You may get more answers in the Mac Pro section, rather than here, which is for PowerPC Macs from 10 years ago or more.
You may need to format the drive in an external enclosure, or using the version of DIsk Utility that came with Snow Leopard, due to a bug introduced in 10.8.4, which I do not believe has been fixed. It's described in this discussion:
http://apple.stackexchange.com/questions/112266/why-doesnt-my-mac-pro-see-my-new -4tb-sata-drive
I recently installed a 3 TB drive in a drive bay of my 2008 Mac Pro. When I rebooted it was not recognised and required formatting.
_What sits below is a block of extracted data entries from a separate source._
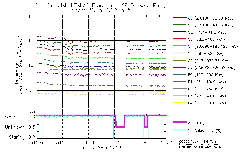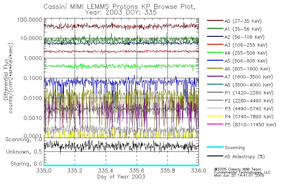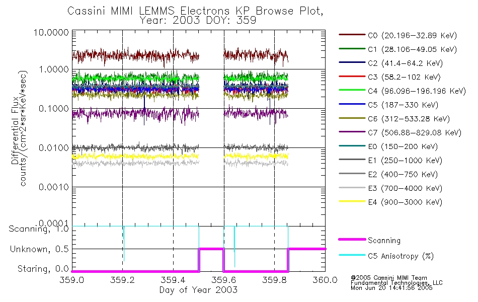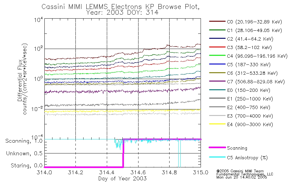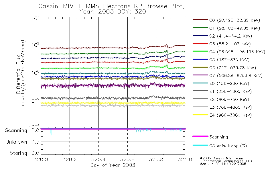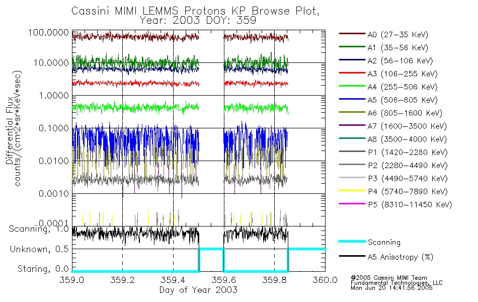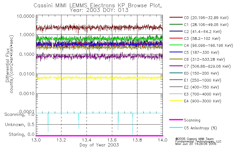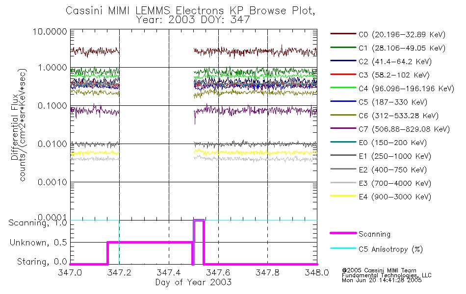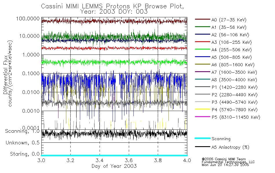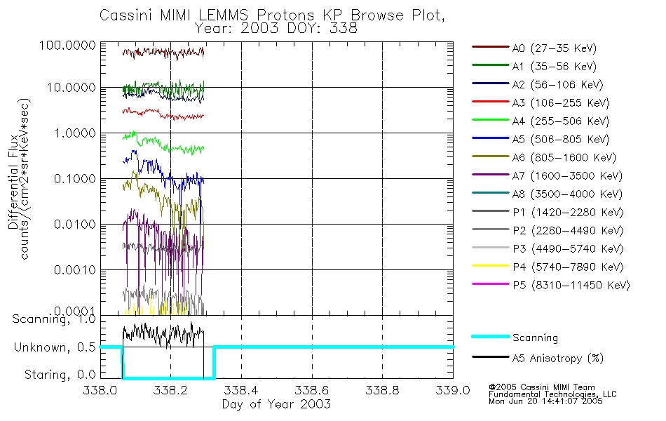 A browse data set is included with Key Parameter data that is calibrated using the algorithms provided in the Calibration volume. In addition, a series of images are provided with the KP browse data that displays the KP data which can lead the user to the particular times of interest. This data set should be among the first used by a user of any of the MIMI LEMMS archive as it will lead one to information required to search for more detailed or highly specialized features in the original data. The Key Parameters data set is not intented for direct use, only as a guide to finding points of interest.
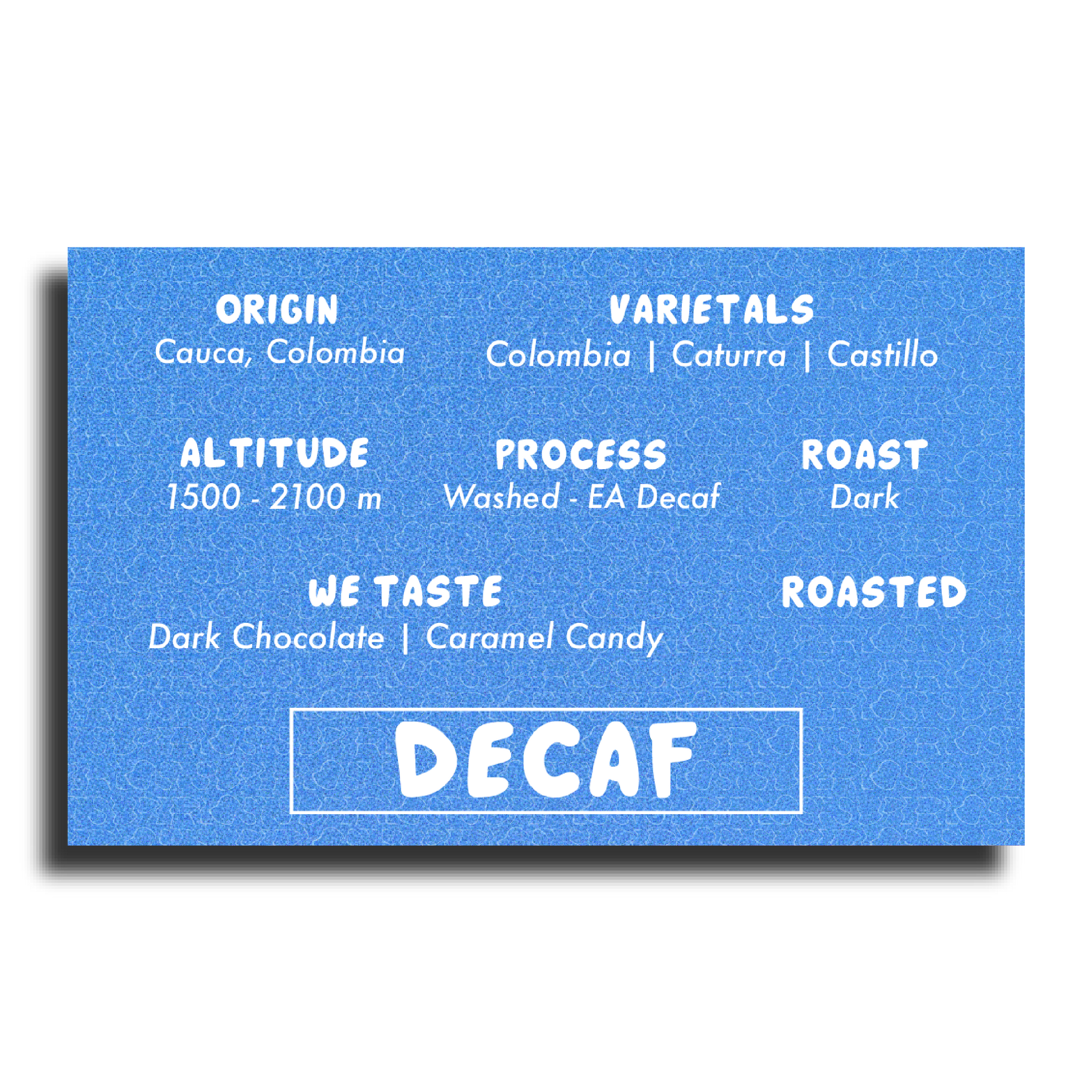 Sourced from the picturesque region of Cauca, Colombia, we taste hints of dark chocolate and caramel candy.
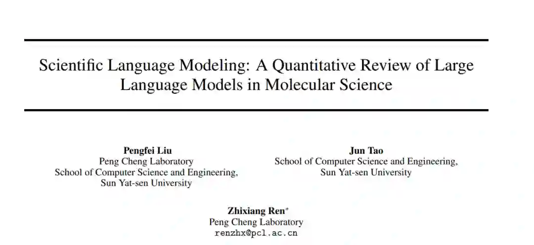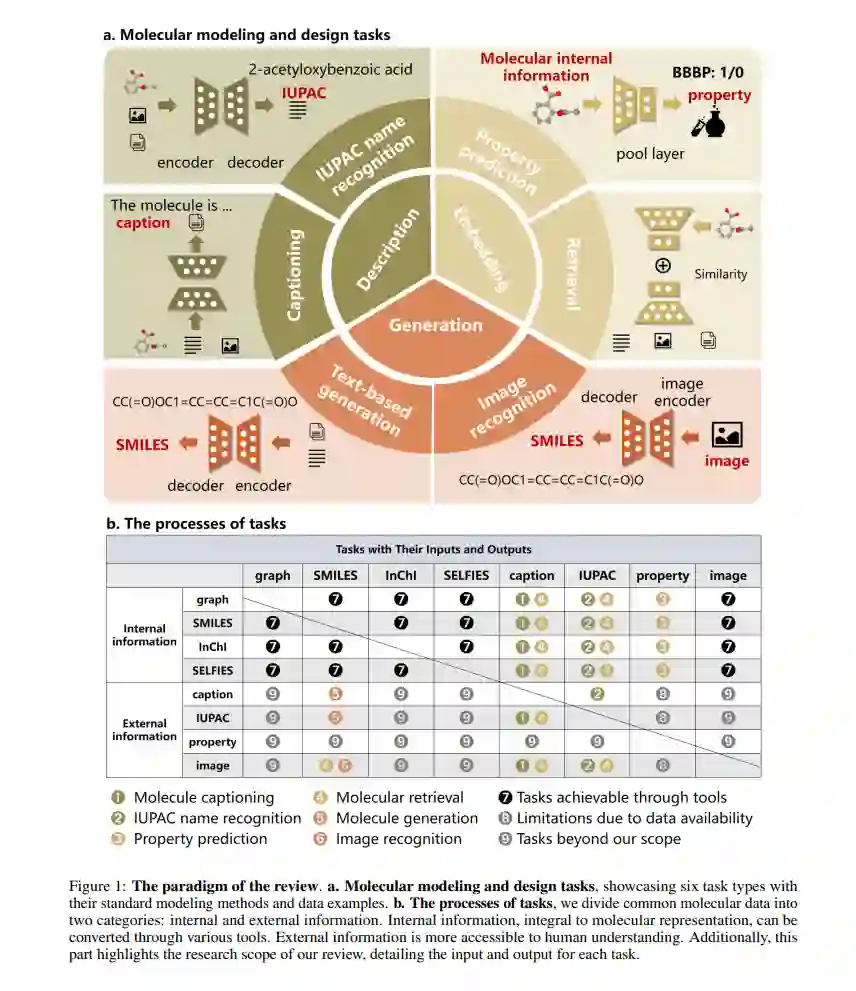 高效的分子建模和设计对于新分子的发现和探索至关重要,深度学习方法的引入已经彻底改革了这一领域。特别是,大型语言模型(LLMs)提供了一种全新的方法来从自然语言处理(NLP)的角度解决科学问题,引入了一种称为科学语言建模(SLM)的研究范式。然而,仍有两个关键问题:如何量化模型与数据模态之间的匹配度以及如何识别模型的知识学习偏好。为了应对这些挑战,我们提出了一个多模态基准,命名为ChEBI-20-MM,并进行了1263次实验来评估模型与数据模态和知识获取的兼容性。通过模态转换概率矩阵,我们提供了关于任务最适合的模态的见解。此外,我们引入了一种统计上可解释的方法,通过局部特征过滤发现特定上下文的知识映射。我们的先驱性分析提供了对学习机制的探索,并为推进分子科学中的SLM铺平了道路。 Transformers[8]以其强大的文本编码和生成能力提供了优势。这些模型可以通过最小的任务特定调整进行微调,使它们在分子建模和设计中更加多才多艺和高效。此外,自从ChatGPT[9]和GPT-4[10]的出现以来,大型语言模型(LLMs)已成为尤其在分子科学中的一种突破性趋势。LLMs凭借其在处理和生成类人文本的先进能力,提出了一个理解和设计分子结构的新范式。它们吸收和分析大量文本数据的能力可以提供前所未有的洞察,克服了传统AI方法的一些限制。这种新能力结合了准确性和新颖性,以改善结果,被称为化学知识。其有效性取决于输入数据、模型架构和训练策略等因素。然而,对这一能力的当前综述和基准评估并不全面。 分子科学中现有的综述,如分子生成综述[11],通常缺乏全面的模型比较,并且任务范围有限。知识驱动的综述[12]对分子学习进行了分类,但缺少详细的方法比较和数据集讨论。而最近的基准测试,如测试ChatGPT的[13],涵盖了八个化学任务,每个任务都提供了独特的化学洞察。Mol-Instructions[14]提供了一个用于微调的数据集,包含各种分子和蛋白质指令,增强了LLMs中的生物分子理解。然而,这些综述和基准测试缺乏多模态内容,也没有充分探索模型的化学知识。 总结来说,本研究全面回顾了Transformers和LLMs在分子建模与设计中的应用。我们将六个常见的分子任务分类为三个不同的目标:描述、嵌入和生成,如图1所生动描绘。此外,我们建立了一个统一的多模态基准ChEBI-20-MM,并进行实验评估数据模态、模型架构和不同任务类型的兼容性,考察它们对任务性能的影响。此外,我们的端到端可视化方法展示了嵌入化学知识的建模洞察的发现。总体来说,我们的主要贡献包括: • 本工作分析了LLMs在分子建模中的应用,分类现有模型,并提出了一个多模态基准(ChEBI-20-MM)进行性能评估,支持1263次实验。 • 我们分析了模态转换概率矩阵,并确定了不同数据模态和模型架构之间的最佳匹配。 • 我们引入了一种统计上可解释的方法,通过局部特征过滤展示了知识获取。 本文的其余部分如下组织。第2节介绍相关定义和背景。然后,我们探讨分子建模和设计中的六个关键任务。第3节展示了我们的基准测试和洞察。第4节讨论了关键结果和限制,第5节总结了我们的贡献和未来研究方向。
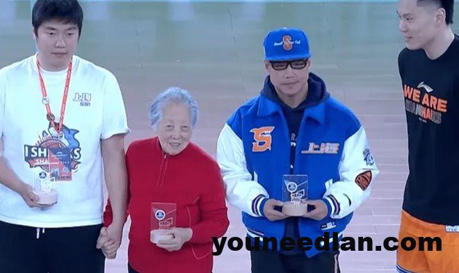 王哲林作为现任队长获赠象征上海男篮精神的金色篮球。
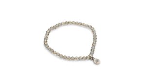 Das Armband besteht aus glänzenden grauen Kristallen die einen Facettenschliff haben, mit einem Durchmesser von 4 mm. Das Armband hat einen 7 mm Anhänger aus 925 Sterlingsilber mit der Ekats Signatur auf der einer Seite. Das Armband wird auf einem doppelten Silikonband aufgefädelt und kann damit problemlos an und ausgezogen werden und ist sehr angenehm zu tragen.
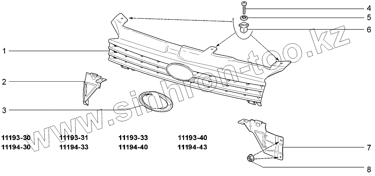 Каталог запасных частей к технике: ВАЗ LADA Kalina 1119. Облицовка радиатора
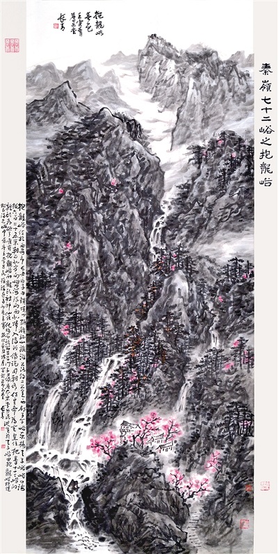 春回大地,萬象更新,章長青《秦嶺七十二峪》系列山水畫臺歷也新鮮問世,這是他用了多年的時間,走訪秦嶺眾多峪口后完成的。中國國家畫院研究員、清華大學(xué)美術(shù)學(xué)院教授、博導(dǎo)王魯湘曾說過,恐怕在華夏大地上再難找到如秦嶺這樣完美的“師造化”藍(lán)本了,要嶺有嶺,要峰有峰,要丘有丘,要壑有壑。他認(rèn)為秦嶺是中國山水畫的發(fā)祥地,唐代王維、李思訓(xùn)畫的就是這方山水。
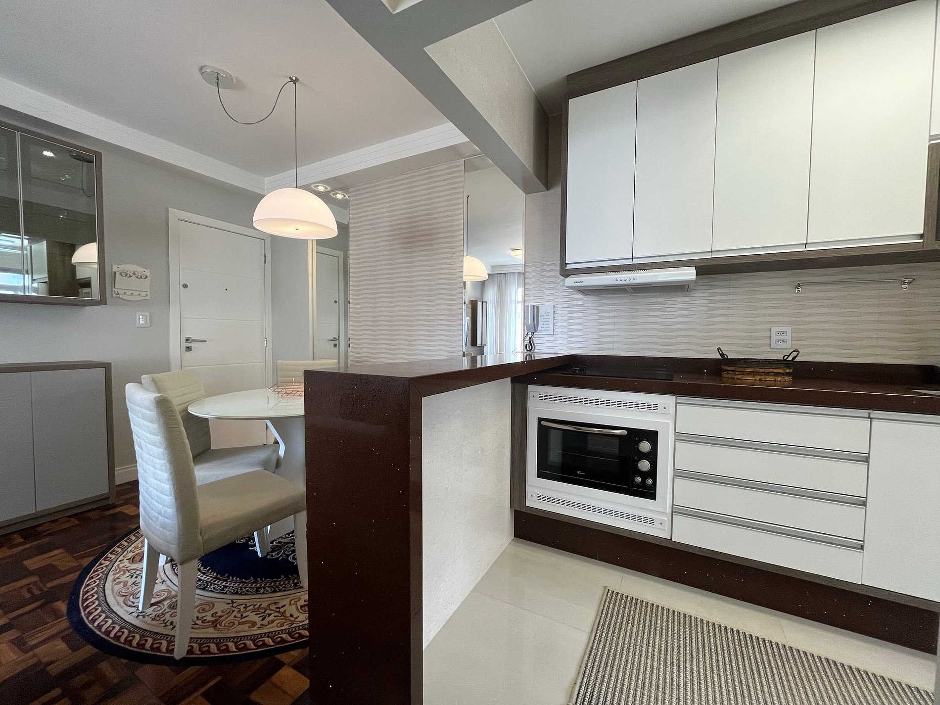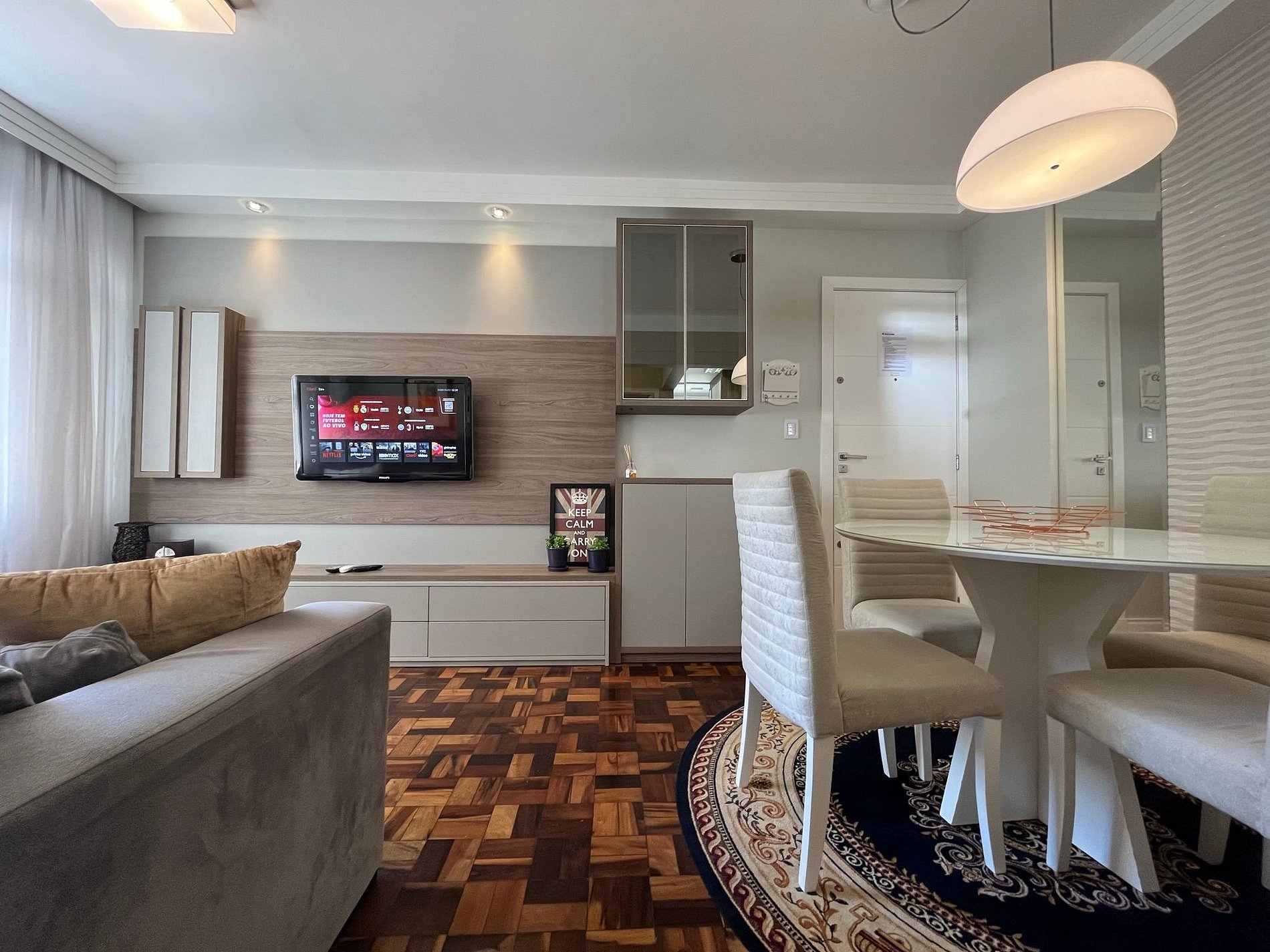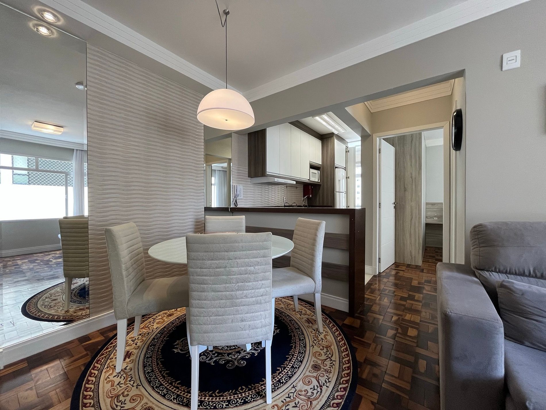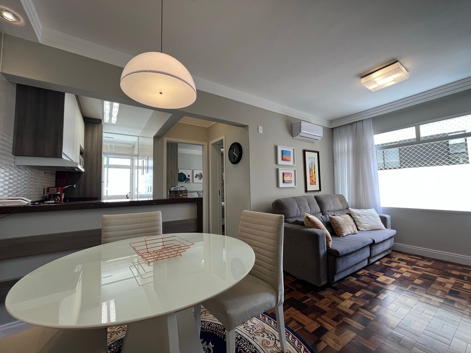 - Área de jantar integrada à sala com mesa redonda com 4 cadeiras para um excelente jantar em família
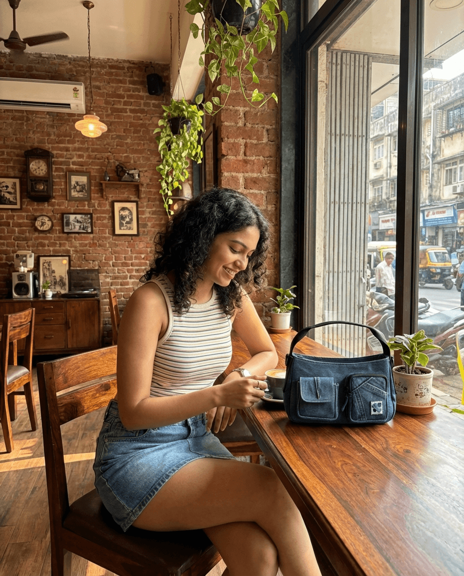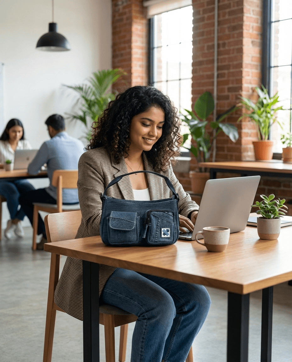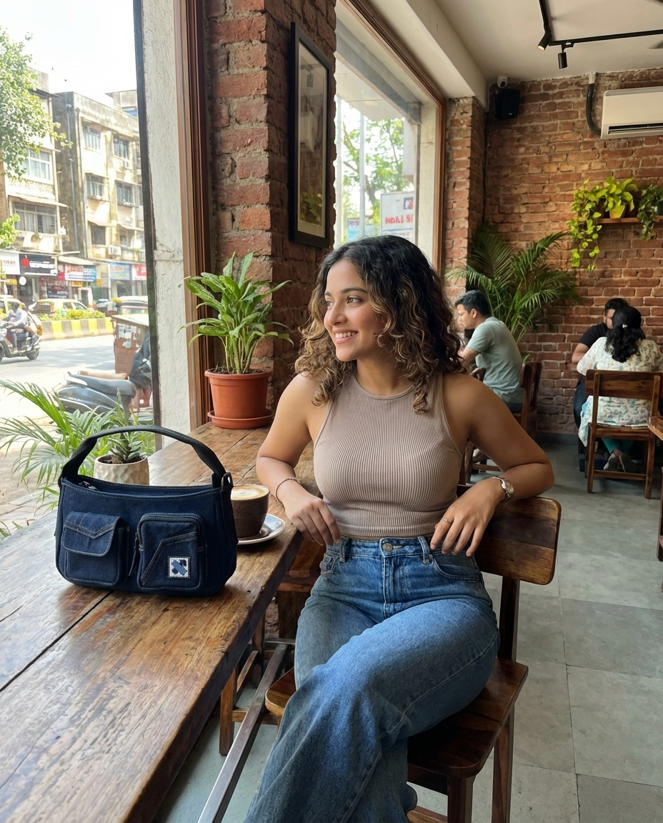 • Primary body fabric - Upcycled denim (cut and sorted), sourced from a recycling unit.
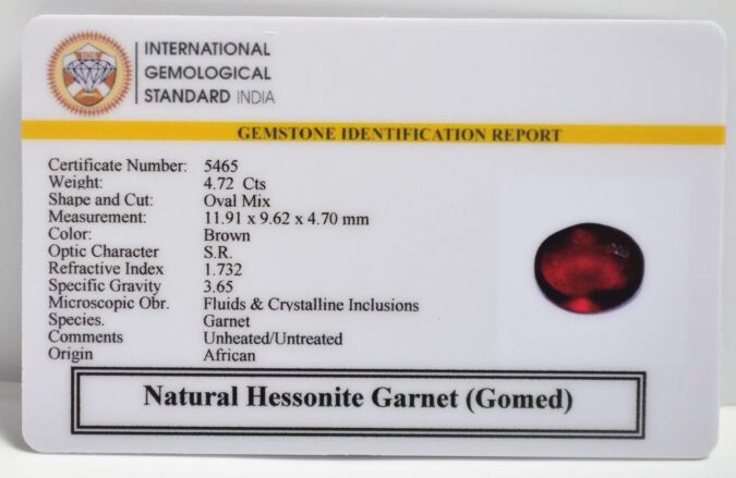 Beautiful 4.72 Cts Natural Hessonite Garnet (Gomed) (Very Good-Mines) sva 5+ Ratti HESSONITE GOMED. Free Horoscope & Free Pundit Ji Astrological Advise / Consultation. Original Natural Lab certified gems by IGI GTL / Birth stones / Large Gem Selection of shree shubh Rashi Ratan Vedic dhan at Gem Mines. May Bhagwan Brahma, Vishnu, Shiv & Universe bless you.
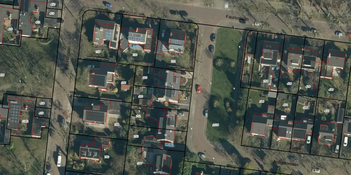 Gebruik de zoekbalk of klik op een perceel voor informatie over de adressen binnen dit perceel.
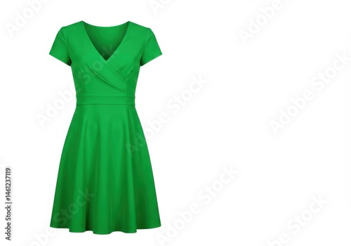 dress, green, sleeve, clothing, fashion, style, apparel, fabric, elegant, short, enclosed, waist, skirt, casual attire, wear, design, textile, cut, trendy, modern, chic, outfit, garment, female, summer, spring, isolated, background, white
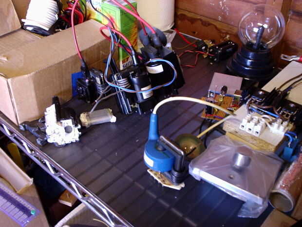 Yep, en eso poco golpeado poco cobertizo, que es donde construyo algunos de mis proyectos más impresionantes, los altavoces de plasma, generador de marx, pequeño shocker y así sucesivamente. La razón de mi taller es tan desordenado es porque de todos mis tiempos de recoger cosas gratis de Salta o contenedores de basura, (gracias a todos ustedes tontas personas para tirar grandes cosas en la basura para que me recoja! :-)

However Disk Utility formatted it as a “Logical Volume Group”. I could not set the partition and GUID option and it was not showing the full capacity of the drive.
I Googled the issue and found that 10.8.4 and 10.8.5 have a bug which was causing this problem to occur with drives of 3 TB and greater capacity. The solution was to boot from an earlier version of OS X. I booted from a Snow Leopard boot drive which I keep on a USB Flash Drive and used Disk Utility to successfully re-format and partition the 3 TB drive. I am not sure whether the bug is still present in Mavericks.
I was running 10.8.5 when I encountered the problem I described above - drive not recognised but Disk Utility did offer to format it. However the normal format options were not available with "Logical Volume Group" being the only option.
I did not have a boot volume pre 10.8.4 but did have a Snow Leopard boot volume. When I restarted my Mac Pro with this Snow Leopard volume I was able to use Disk Utility to set the drive to one partition and GUID format. When I rebooted into 10.8.5 the drive was recognised as a normal volume and I have been using it for my Time Machine backup ever since.
Also, I believe that on at least some 6TB drives, the screw holes are in different locations on the drive and this makes it difficult to mount them in the drive sleds. This might only be a problem with Seagate 6TB drives, though. If you want the drive in BD Aqua's link, check with OWC about whether the screw holes are in the expected positions.